(MATERIAL FOR THE TASK)

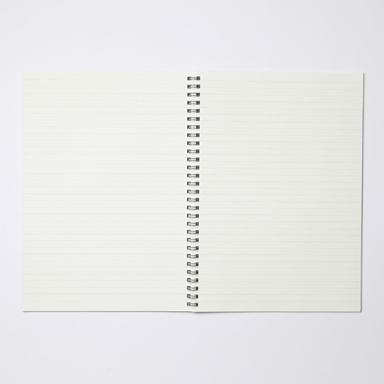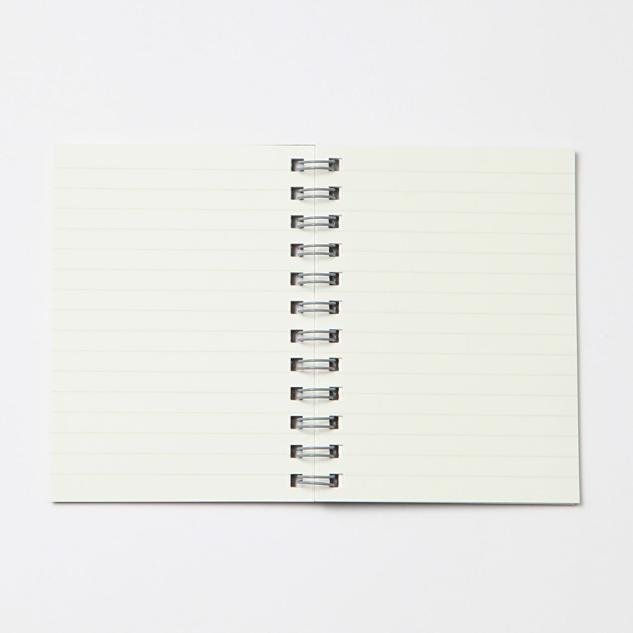 A simple. line-ruled double-ring notebook. The rings allow you to flip the cover over completely and write from any orientation. This item is part of the MUJI Afforestation effort. allowing communities to directly choose and benefit from the trees they cultivate.
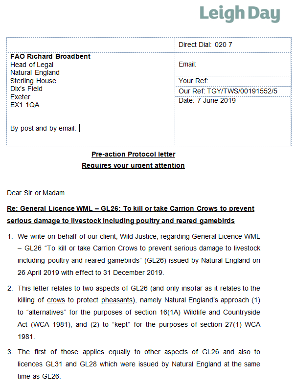 On Friday morning Wild Justice launched a new legal challenge of general licences issued by Natural England.
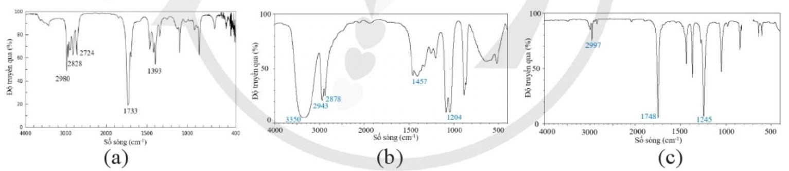 Các tín hiệu hấp thụ ở 2828 cm-1, 2724 cm-1 là đặc trưng của C – H trong nhóm ‒CHO; 1733 cm-1 là đặc trưng cho C=O của aldehyde, ketone à (2) : (a)
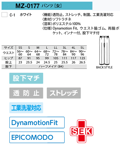 (透け防止 ストレッチ 制菌 工業洗濯対応 ウエスト脇ゴム 両脇ポケット インナー付 股下マチ付)
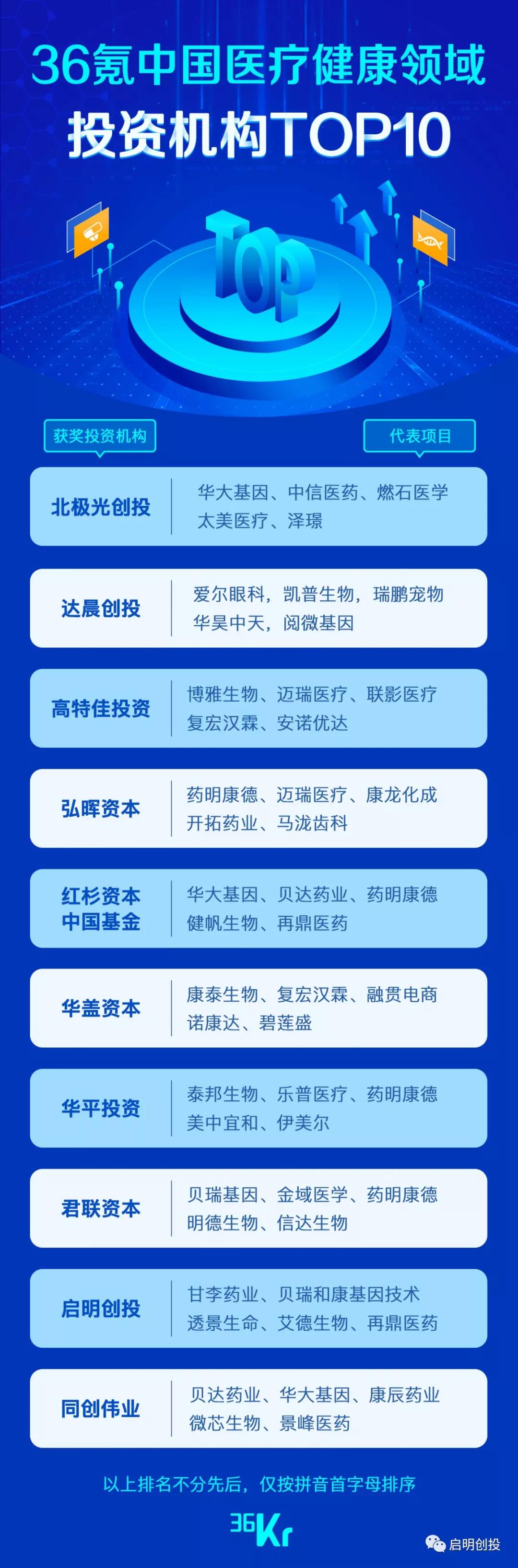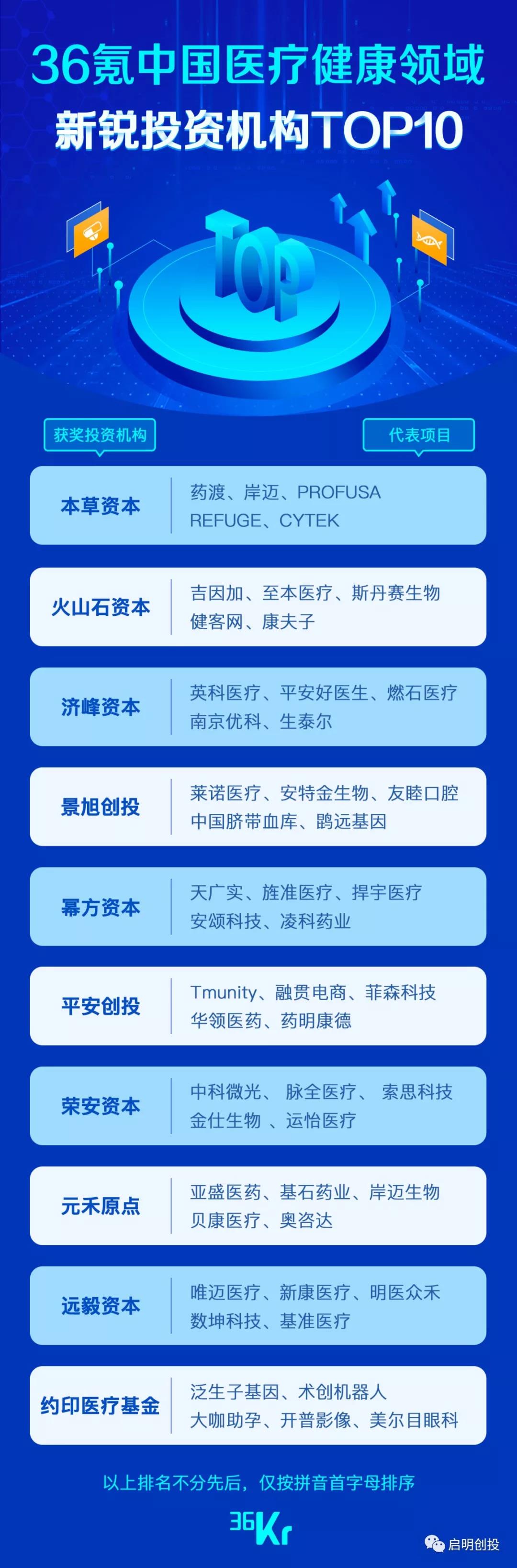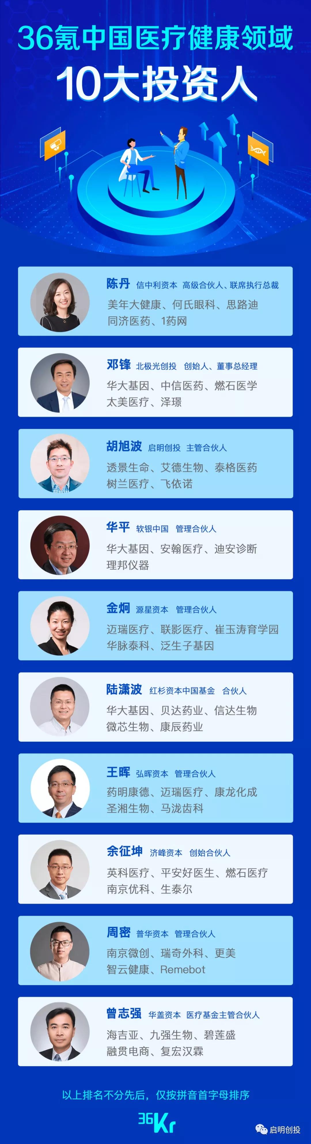 重磅发布!36氪中国医疗健康领域投资榜单发布,启明入选机构榜Top10,胡旭波入选投资人Top10者
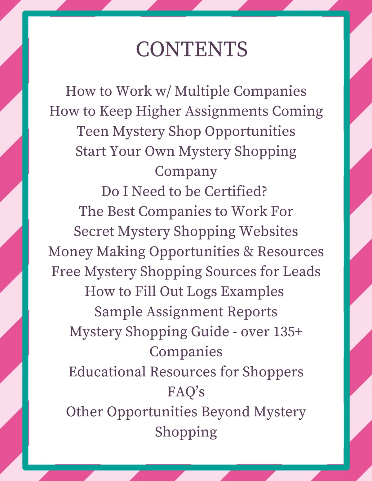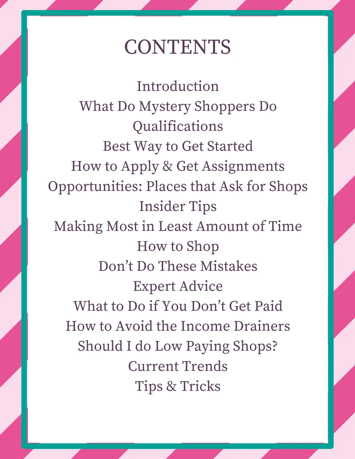Get everything you need to start getting paid to shop, dine, and enjoy experiences. With over 20 years of experience, I’m sharing my insider secrets to help you launch your mystery shopping journey quickly, easily, and successfully—no guesswork required!
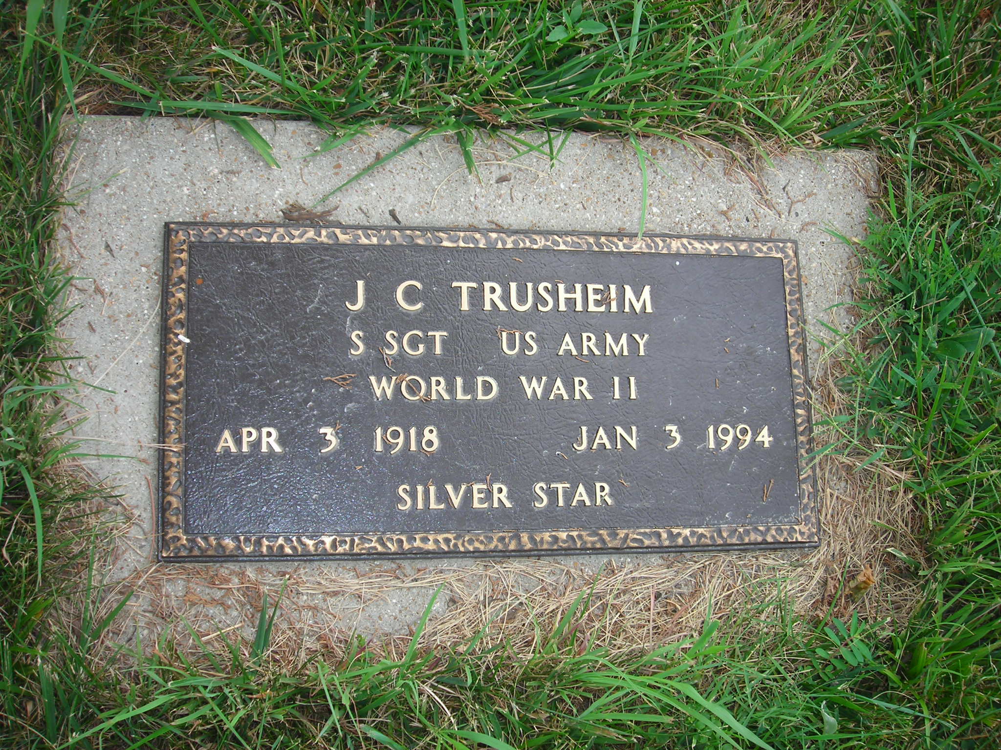 + Trusheim, J C; b. 03 Apr 1918; d. 03 Jan 1994; S SGT US Army World War II Silver Star; + Veteran; Photo
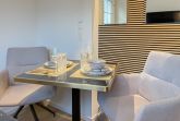 Frisch und aufwendig renoviert in 2024, erwartet Sie eine hochwertige und mit vielen liebevollen Details eingerichtete Ferienwohnung, die im Hochpaterre liegt und über einen eigenen, privaten Eingang verfügt. Ein Highlight ist die großzügige, begrünte und uneinsehbare Terrasse, für viele entspannte Stunden mit Sonnenschein vom Nachmittag bis zum Sonnenuntergang. Der stilvolle Wohnbereich mit Terrassenzugang ist lichtdurchflutet und mit einem bequemen Sofa zum Relaxen sowie einem Smart-TV ausgestattet. WLAN steht selbstverständlich zur Verfügung. Die offene Wohnküche in perfekter Ausstattung verfügt unter anderem über Spülmaschine, Backofen mit integrierter Mikrowelle, Induktionskochfeld, Kühlschrank und Gefrierfach. Der integrierte Essbereich ist sehr gemütlich gestaltet. Das großzügig angelegte Schlafzimmer ist mit einem Boxspringbett (180x200), Kleiderschrank für die Urlaubsgarderobe und einem Schreibtisch eingerichtet. Die bodentiefen Terrassenfenster lassen sich mit Vorhängen verdunkeln. Im modernen Bad sorgen zwei Fenster für reichlich Tageslicht. Die hochwertige Ausstattung umfasst eine Walk-In Dusche, Waschtisch, Spiegel mit indirekter Beleuchtung, Handtuchtrockner und WC.
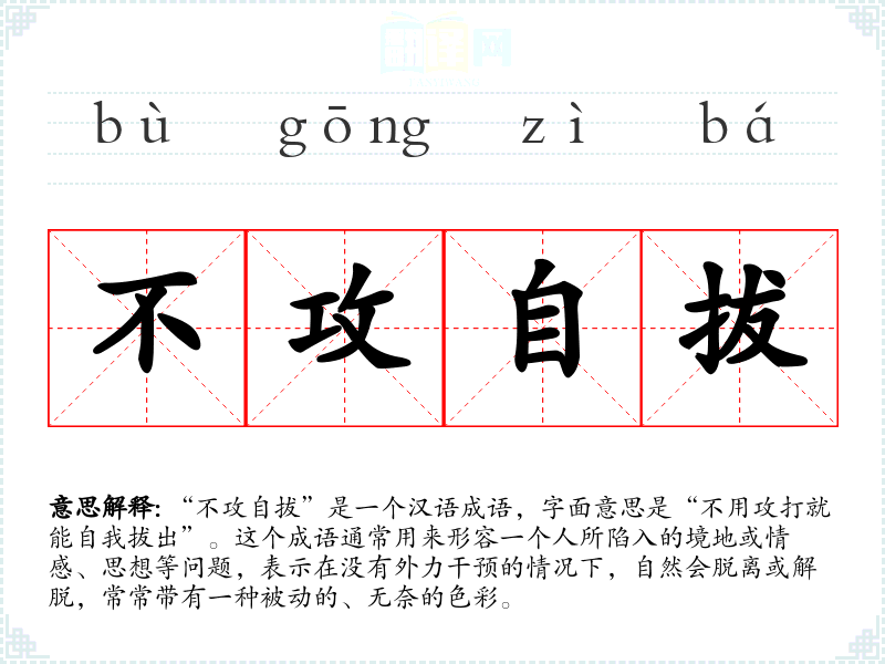 “不攻自拔”是一个汉语成语,字面意思是“不用攻打就能自我拔出”。这个成语通常用来形容一个人所陷入的境地或情感、思想等问题,表示在没有外力干预的情况下,自然会脱离或解脱,常常带有一种被动的、无奈的色彩。
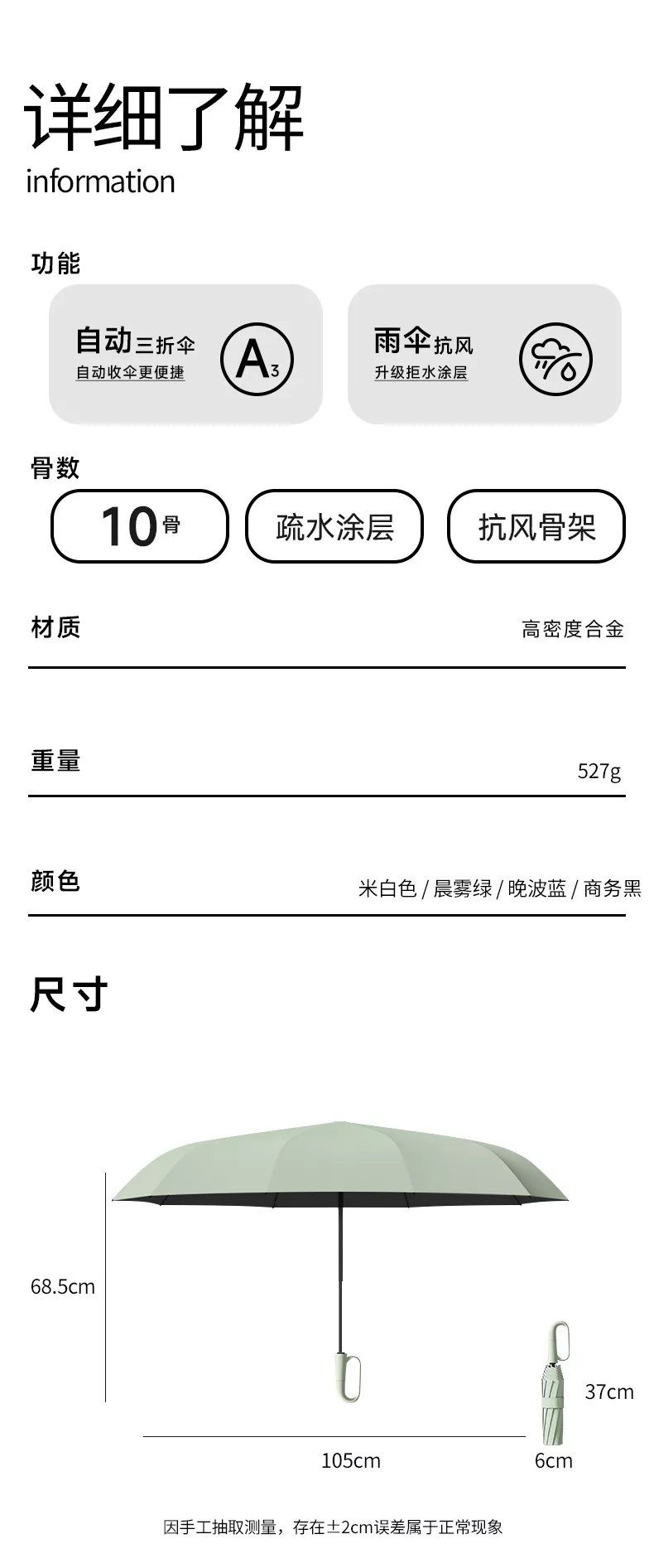 雨宝·自动晴雨伞 加大加厚伞面,可抗暴雨 UPF50+防晒
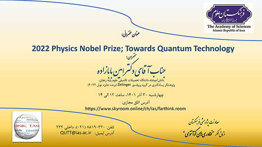 سخنرانی امین بابا زاده درباره نوبل فیزیک ۲۰۲۲ - سی آذرماهچهارشنبه ۳۰ آذرماه ۱۴۰۱ فرهنگستان علوم جلسه سخنرانی دکتر امین بابازاده دانش آموخته دانشگاه تحصیلات تکمیلی علوم پایه زنجان، پژوهشگر پسادکتری در گروه استاد Zeilinger (برنده جایزه نوبل فیزیک ۲۰۲۲) را با عنوان 2022 Physics Nobel Prize; Towards Quantum Technologyبه صورت مجازی برگزار میکند. اطلاعات ... [بیشتر بخوانید] |
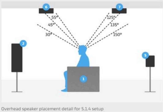 Az erősítő egy Denon AVR X4300.A Dolby Atmos guide szerint 5.1.2 esetén picivel a nézőpozi elé kell tenni a hangfalat:
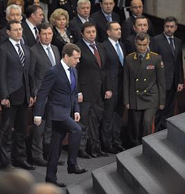 Президент России Дмитрий Медведев (слева) и министр внутренних дел (МВД) России Рашид Нургалиев (справа) во время заседания расширенной коллегии МВД России.
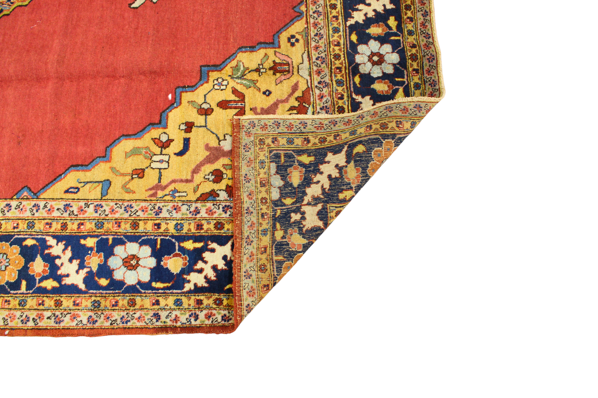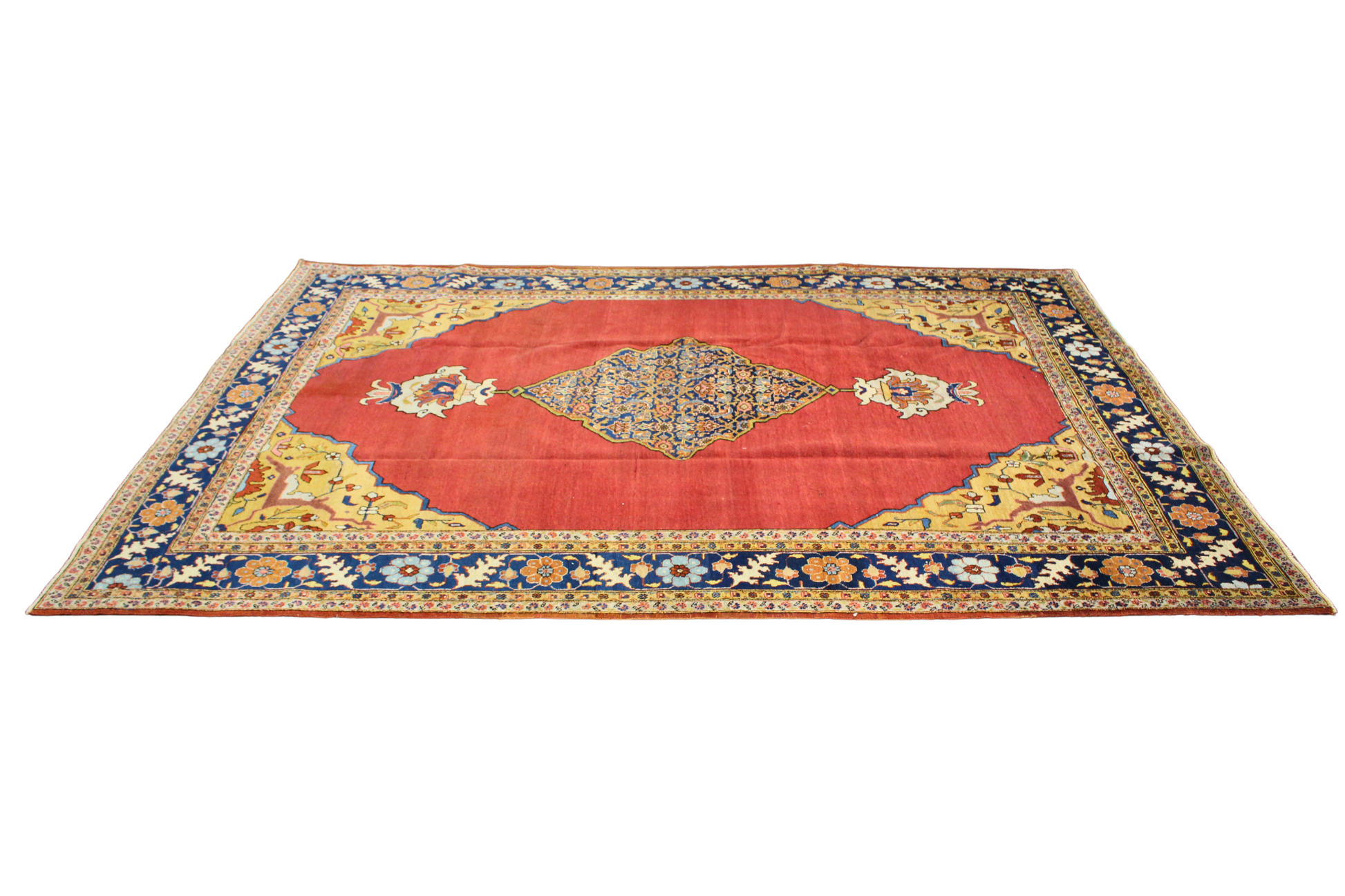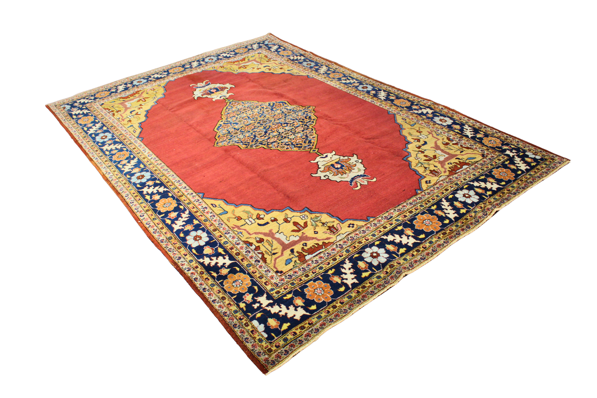 Golden corner spandrels filled with stylized hunting animals and curling vinework contrast vividly with the rich red ground, adding storytelling depth to the composition. A navy border with rosette blossoms and leaf motifs adds grounding structure and heightens the rug’s majestic frame.

(End MATERIAL FOR THE TASK)

From the data above, return only the lines starting at the line that holds "Các tín hiệu" and ending at the line that holds "重磅发布!36氪中国医疗健康", word for word and without pictures.

 Các tín hiệu hấp thụ ở 2828 cm-1, 2724 cm-1 là đặc trưng của C – H trong nhóm ‒CHO; 1733 cm-1 là đặc trưng cho C=O của aldehyde, ketone à (2) : (a)
 (透け防止 ストレッチ 制菌 工業洗濯対応 ウエスト脇ゴム 両脇ポケット インナー付 股下マチ付)
 重磅发布!36氪中国医疗健康领域投资榜单发布,启明入选机构榜Top10,胡旭波入选投资人Top10者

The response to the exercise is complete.